#### [Available records]
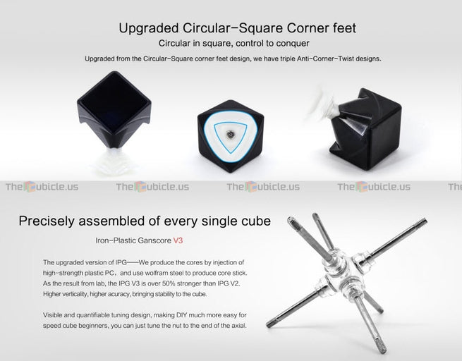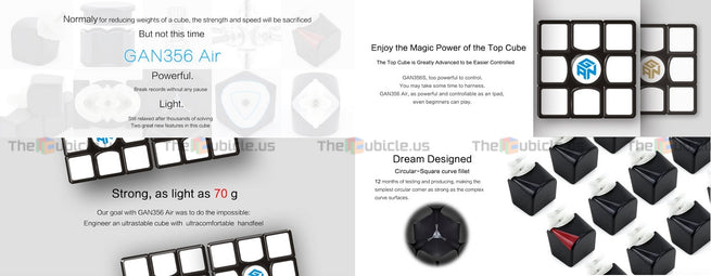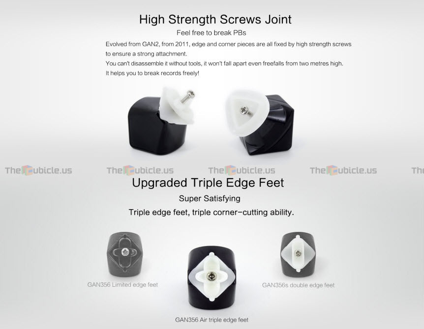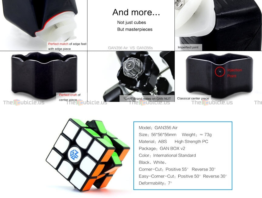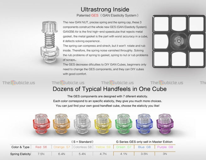 Master Version: This is the Master version of the Gans 356 Air. The Master version features the Gans half bright sticker set pre-applied to the cube. It also comes with the plastic adjusting tool and a set of Red (S6), Orange (S7), and Yellow (S9) GES Components. Please note that GAN is transitioning from the metal tool to the plastic one, so some packages will come with the new plastic tool instead.
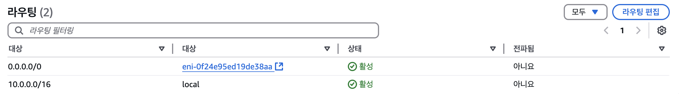 * 참고로 설정을 하고나면 아래와 같이 대상이 eni- 로 시작하게 되는데 이는 Elatic Network Interface로 네트워크 카드 리소스랑 직접적으로 mapping되는 것을 확인할 수 있다. 이는 OS 레벨에서 2계층(데이터 링크 계층)과 3계층(네트워크 계층)을 거쳐 다른 대상으로 트래픽을 전달한다는 점을 유추할 수 있다. (위에서 만든 커뮤니티 AMI에서 이 설정이 되어 있는 것이다)
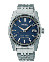 From the King Seiko Collection. Introduced in 1961 and in production until 1975, King Seiko became one of the company’s most technically innovative and stylish brands, noted for its sleek, dignified angularity. Paying tribute to the iconic original with updated styling and technology, this distinctive timepiece features a dial inspired by the pop culture and fashion favored by young Tokyo residents of the time. In a vintage aged blue with vertical hairline finish and metallic texture, the retro look dial features a date calendar and LumiBrite hands and markers, topped by a box-shaped sapphire crystal with anti-reflective coating on the inner surface. For added versatility, the bracelet includes two levers on the end piece that can be pressed for easy removal. The 24-jewel automatic movement, with an exceptional power reserve of approximately 72 hours, beats at a frequency of 21,600 vibrations per hour and provides manual winding capability. Crafted of stainless steel, with the combination of mirror and hairline finishing characteristic of the original King Seiko, as well as the King Seiko crest on the crown and screw-down case-back, this superbly wearable watch also includes a deployment clasp with push button release. 10 bar, 100M Water Resistant.
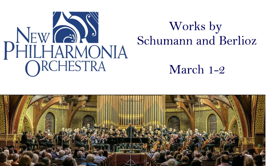 New Philharmonia Orchestra will host a concert where they will perform Robert Schumann’s Symphony No. 4 and Hector Berlioz’s Harold in Italy, with guest violist Danny Kim. The concert will take place on Saturday, March 1 at 7:30PM and Sunday, March 2 at 3PM at the Grace Episcopal Church (76…
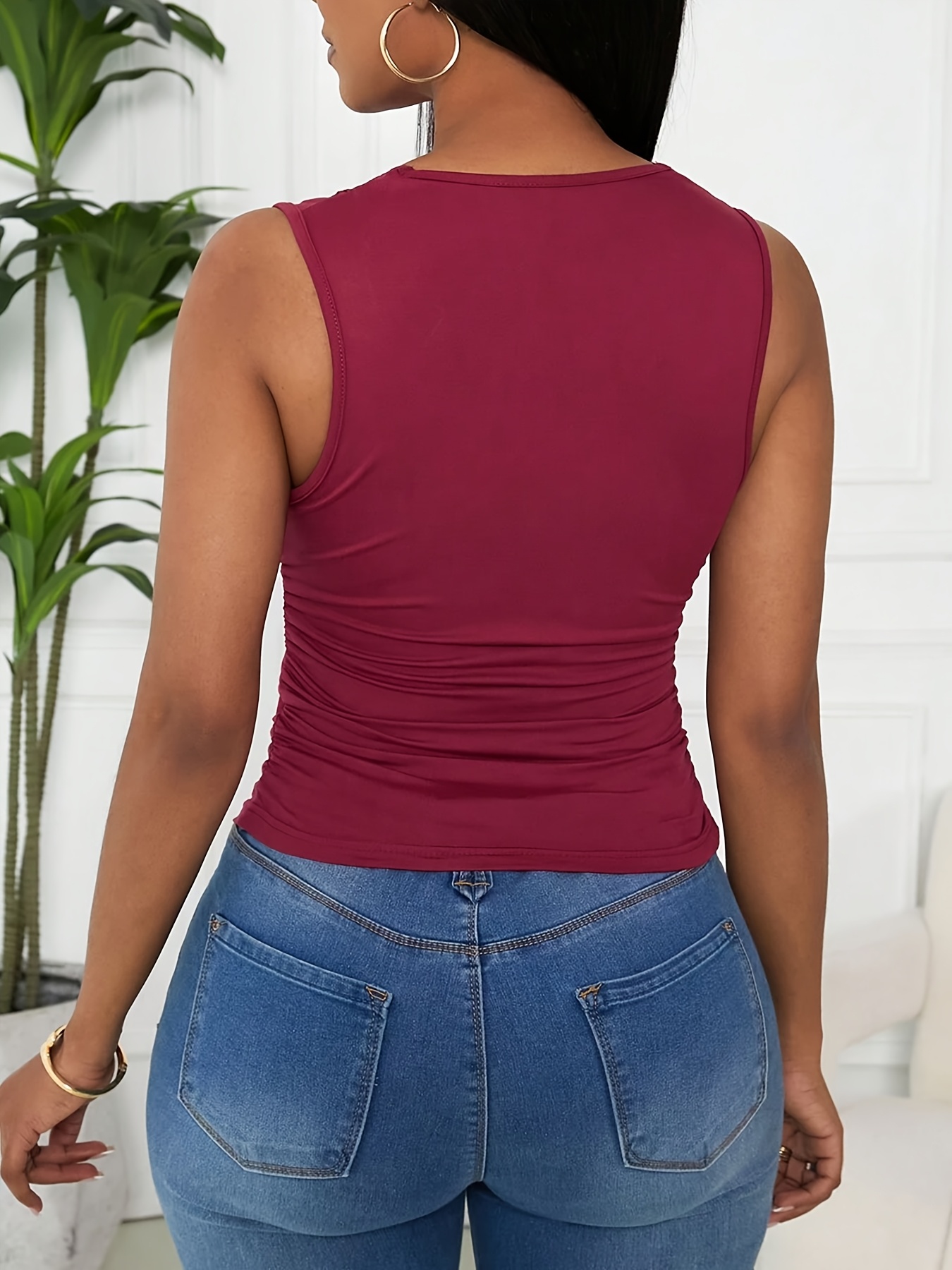 16 Aprile 2026Nuova canotta scollata a V profonda da donna, stile vacanza primavera/estate, alla moda, , tinta unita con bordo in pizzo, numero 26
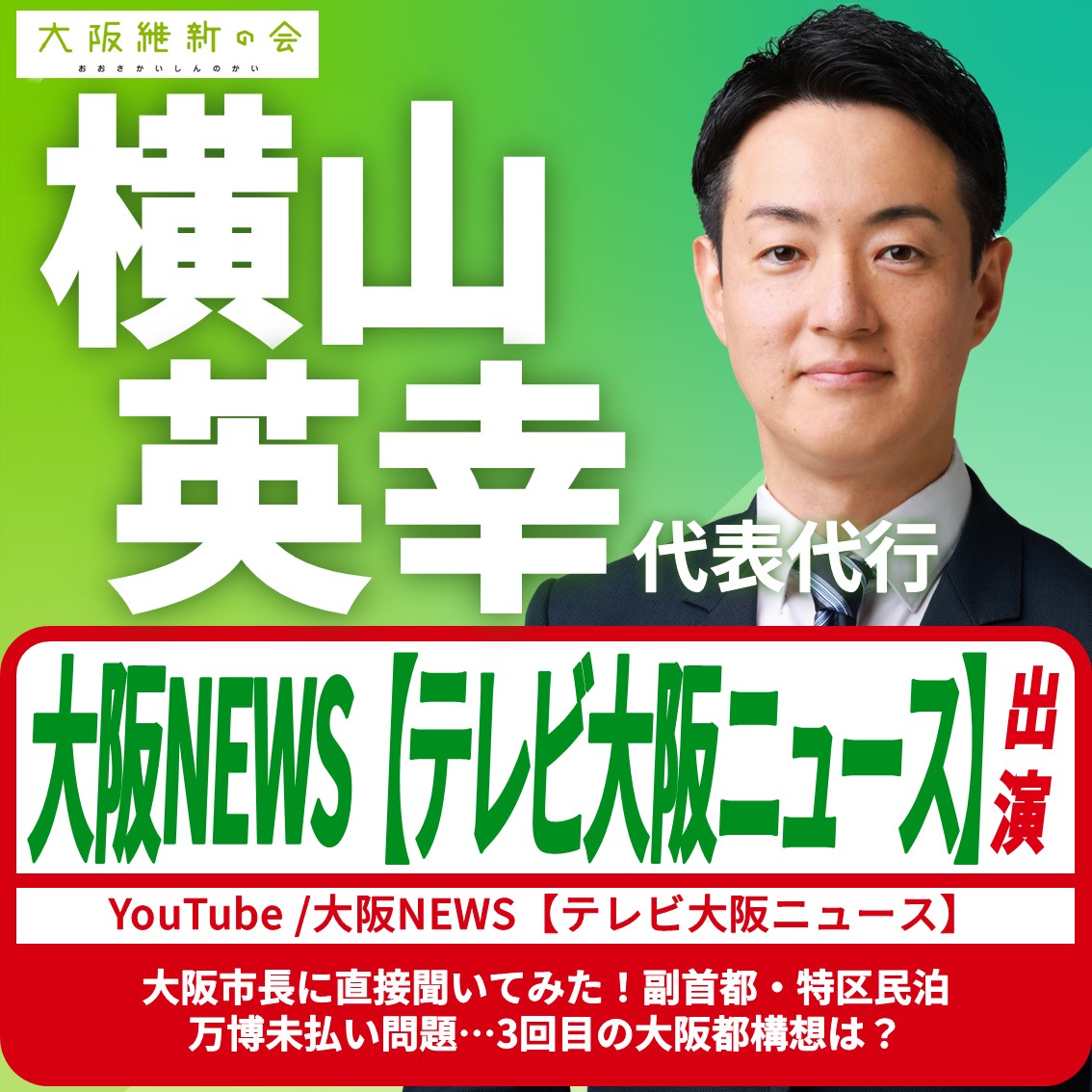 【大阪NEWS テレビ大阪ニュース】横山英幸 代表代行 YouTube番組出演のお知らせ
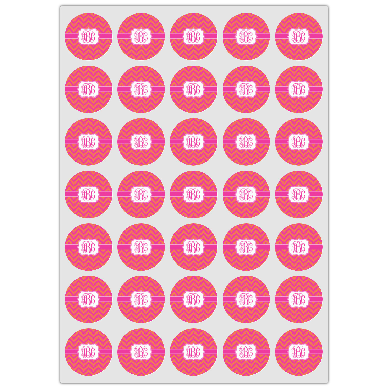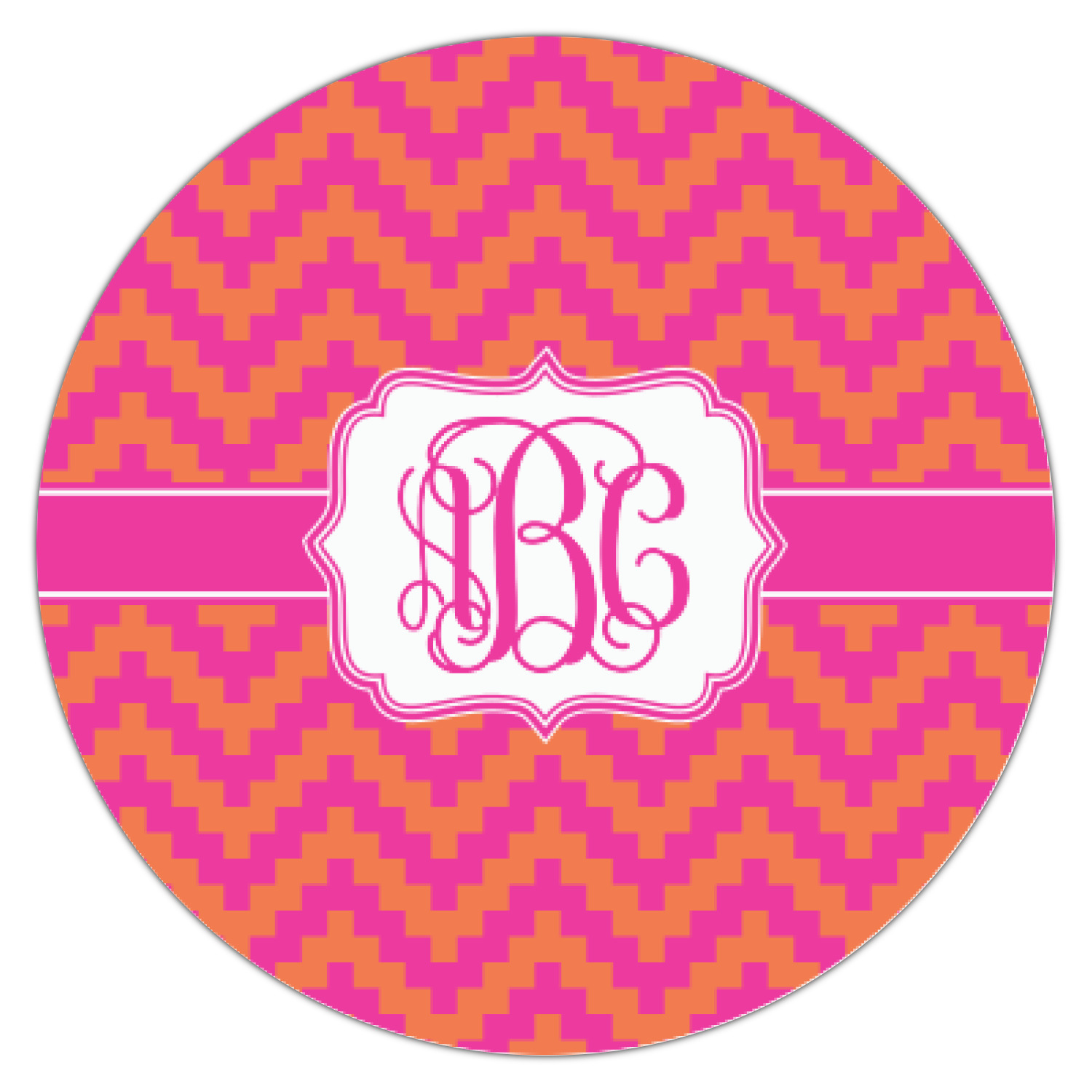 The pixelated chevron stripe pattern alternates between the hot pink and orange. The design has a classic ribbon in hot pink with white stripes. The decorative rectangular label is also in hot pink and white. The personalization is the gorgeous interlocking monogram in hot pink to pull the entire design together.
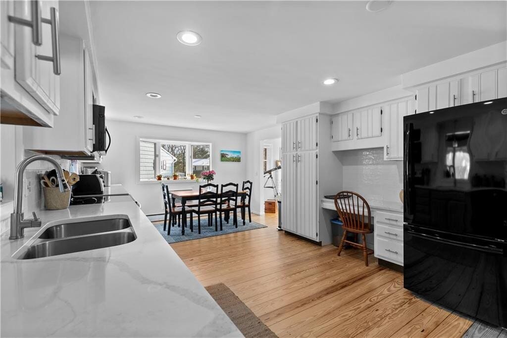 Bright and renovated tri-level home available as a yearly rental starting July 15,2026! This sweet home offers plenty of space,with three separate living areas to enjoy. The front door entry leads to a comfortable formal living area with hardwood floors. The charming kitchen has been updated with quartz countertops and freshly painted cabinets,along with new appliances. The family room has vaulted ceilings and abundant windows letting in the natural light. The second floor has 3 bedrooms and a full bathroom. The garage entry level has a spacious full bathroom and room that’s the perfect space for an office,playroom or guest area. The finished lower level has a recreation room with bar,perfect as a media room. There is an unfinished area with laundry,perfect for storage. The fenced in backyard is an entertaining oasis complete with patio,outbuilding and a generous grassy area for play! Located in desirable Birchwood Manor,this home is close to Goddard Park,and has easy highway access for a quick ride to the Naval base in Newport. Enjoy all that North Kingstown has to offer from this convenient location! MLS ID 1405423

#### [Task to carry out]
For this exercise, output only the lines from the one bearing "New Philharmonia Orchestra" to the end of the material above, exactly as written, with pictures left out.

#### [Task result]
 New Philharmonia Orchestra will host a concert where they will perform Robert Schumann’s Symphony No. 4 and Hector Berlioz’s Harold in Italy, with guest violist Danny Kim. The concert will take place on Saturday, March 1 at 7:30PM and Sunday, March 2 at 3PM at the Grace Episcopal Church (76…
 16 Aprile 2026Nuova canotta scollata a V profonda da donna, stile vacanza primavera/estate, alla moda, , tinta unita con bordo in pizzo, numero 26
 【大阪NEWS テレビ大阪ニュース】横山英幸 代表代行 YouTube番組出演のお知らせ
 The pixelated chevron stripe pattern alternates between the hot pink and orange. The design has a classic ribbon in hot pink with white stripes. The decorative rectangular label is also in hot pink and white. The personalization is the gorgeous interlocking monogram in hot pink to pull the entire design together.
 Bright and renovated tri-level home available as a yearly rental starting July 15,2026! This sweet home offers plenty of space,with three separate living areas to enjoy. The front door entry leads to a comfortable formal living area with hardwood floors. The charming kitchen has been updated with quartz countertops and freshly painted cabinets,along with new appliances. The family room has vaulted ceilings and abundant windows letting in the natural light. The second floor has 3 bedrooms and a full bathroom. The garage entry level has a spacious full bathroom and room that’s the perfect space for an office,playroom or guest area. The finished lower level has a recreation room with bar,perfect as a media room. There is an unfinished area with laundry,perfect for storage. The fenced in backyard is an entertaining oasis complete with patio,outbuilding and a generous grassy area for play! Located in desirable Birchwood Manor,this home is close to Goddard Park,and has easy highway access for a quick ride to the Naval base in Newport. Enjoy all that North Kingstown has to offer from this convenient location! MLS ID 1405423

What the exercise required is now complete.